Freyja trató de alejarse, obligando a su cuerpo a que se marchara, pero estaba como atado al estanque y a la fuerza magnética del ser. Abrió la boca para pronunciar las runas sagradas, pero ningún sonido escapó de sus labios. El pánico empezó a atravesarla cuando una tercera mancha roja apareció, por debajo y entre los dos ojos, y se intensificó cuando se alargó hasta adquirir las dimensiones de una boca. Una sonrisa malévola grabada en lo que parecía ser un rostro de llamas.

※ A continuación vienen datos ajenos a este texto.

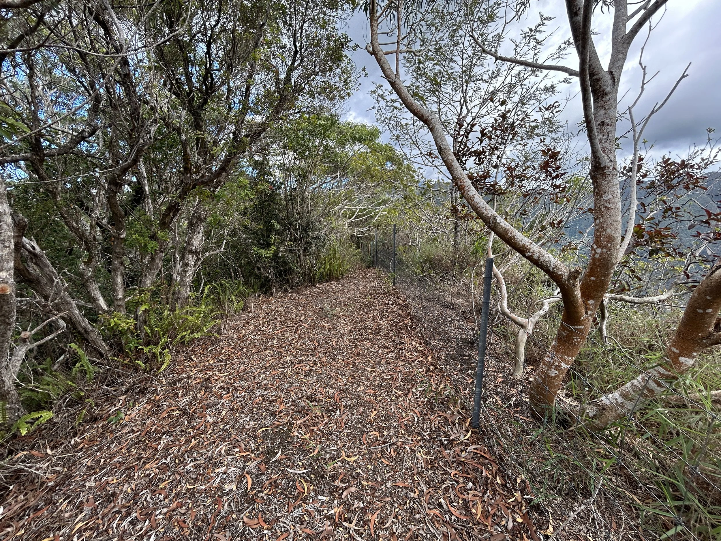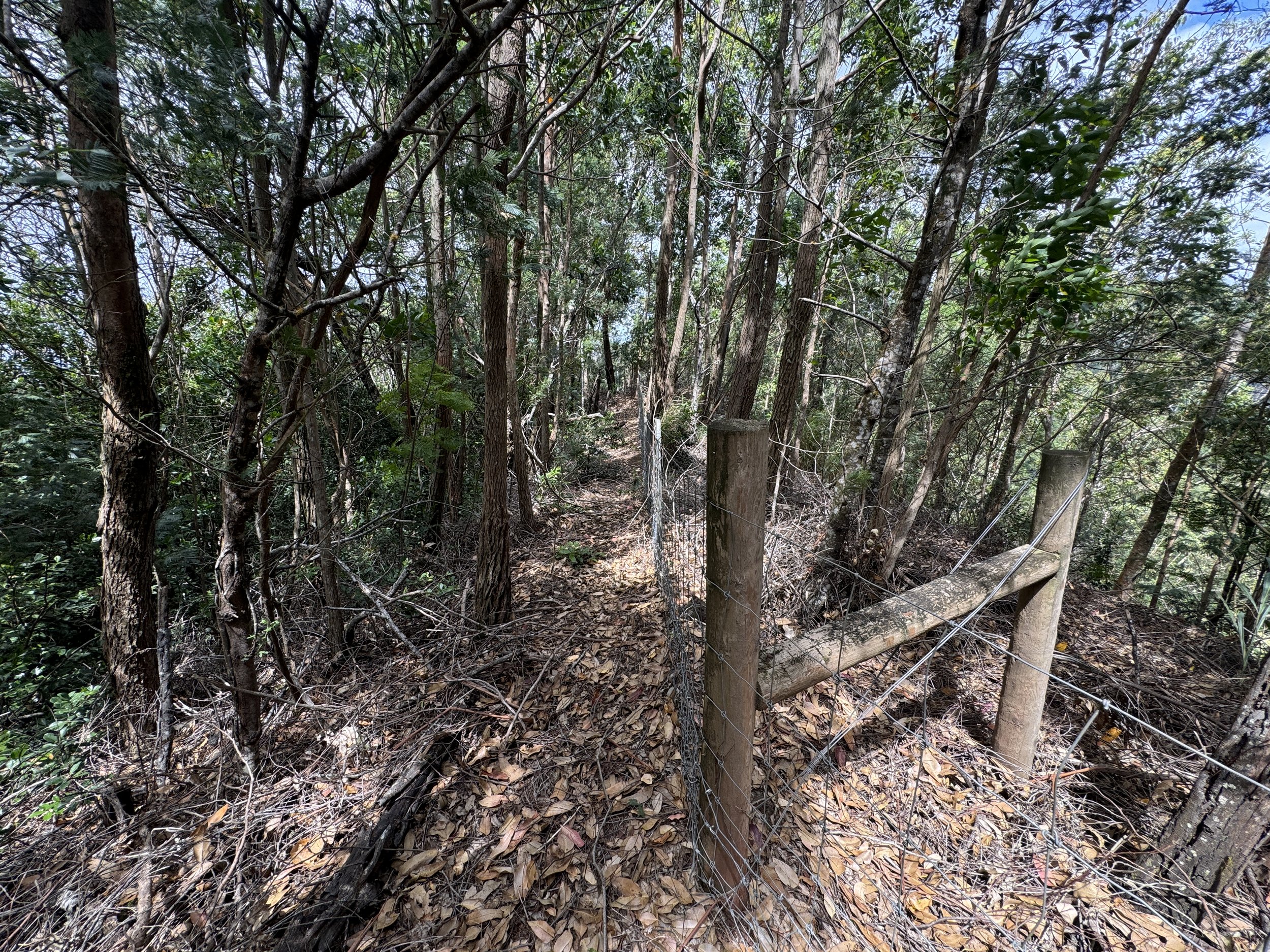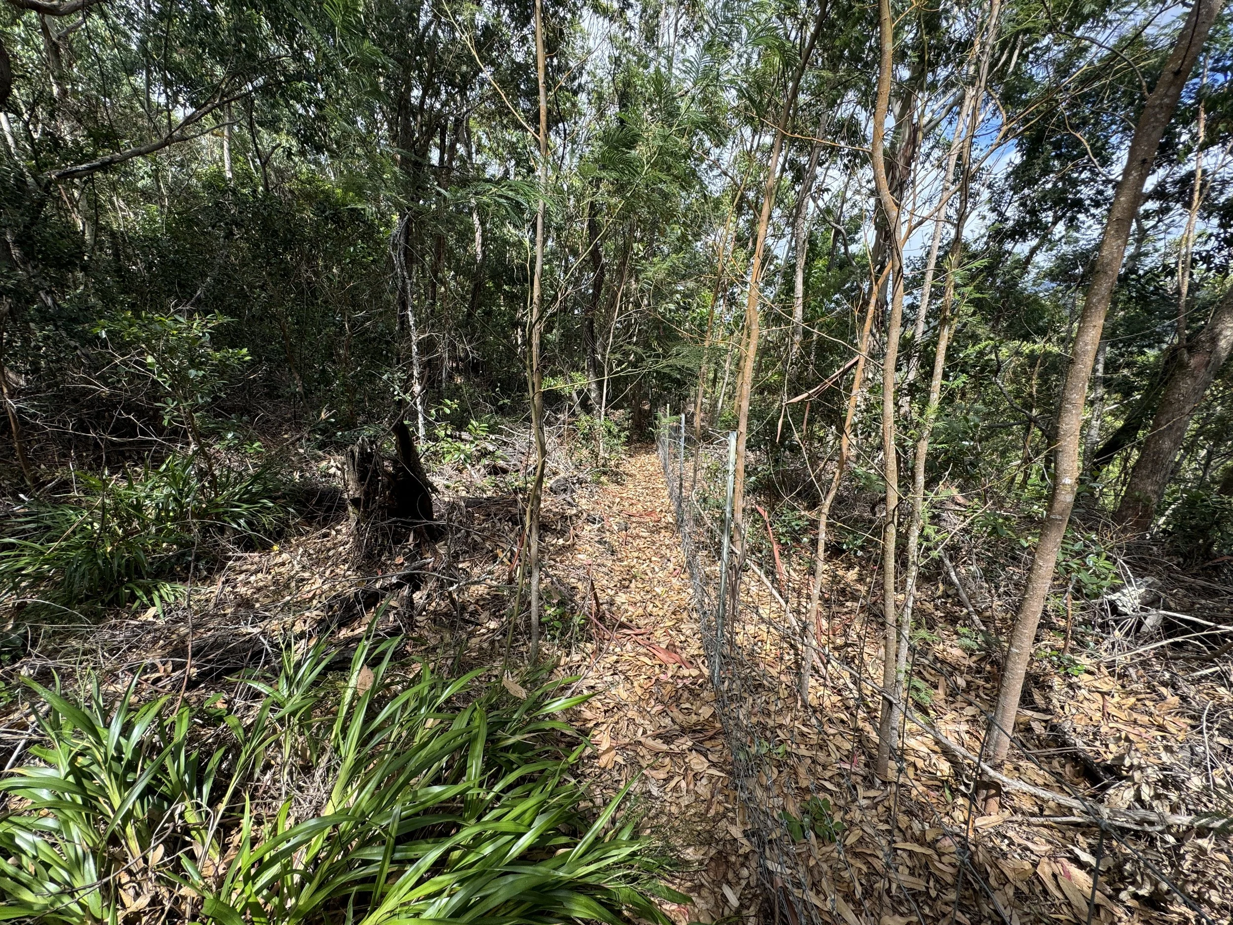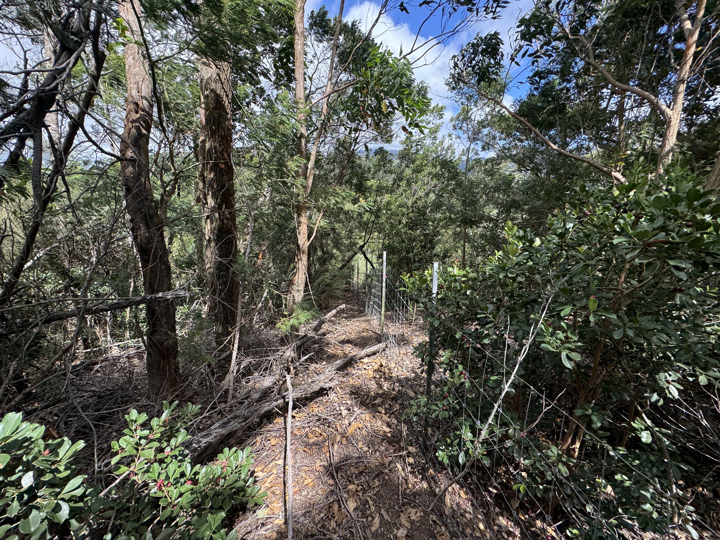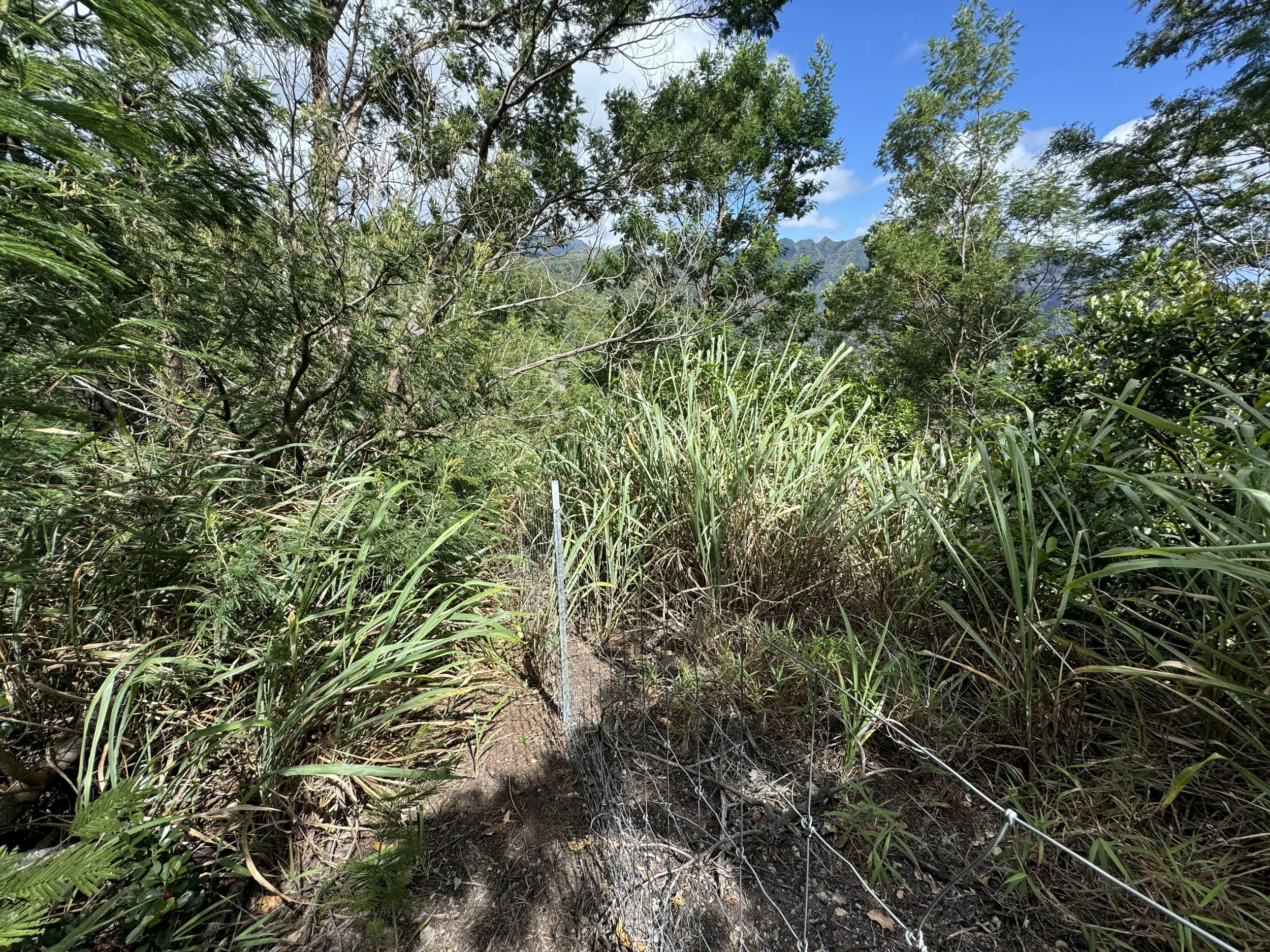 When the Kuaokalā Trail comes to the Mākua Valley ungulate exclusion fence, go left after the gate.

Tensando los músculos intentó forzar la voz para susurrar las palabras que acabarían con la visión del estanque. No sabía si el hechizo funcionaría incluso si pudiera decirlo, pero el poder de aquella entidad estaba goteando desde el estanque, reptando hacia sus aposentos, por lo que sintió la urgencia de evitar que cruzara hacia Asgard. No estaba segura de si lo estaba imaginando o no, pero le parecía como si el estanque se estuviera hinchando. Tuvo la certeza cuando vio los delgados hilillos de agua que se extendían por el borde y avanzaban hacia ella dispuestos en tonalidades cambiantes de naranja, rojo y amarillo.

Un gemido quedo, apenas detectable pero lleno de amenaza, coincidió con el avance de las hebras de agua. El gemido creció mientras reverberaba a través de su cuerpo, dejando en su interior ecos que empezaron a agitarla, restos del sonido que la llenaron de dolor como pequeños gusanos que perforaran su carne.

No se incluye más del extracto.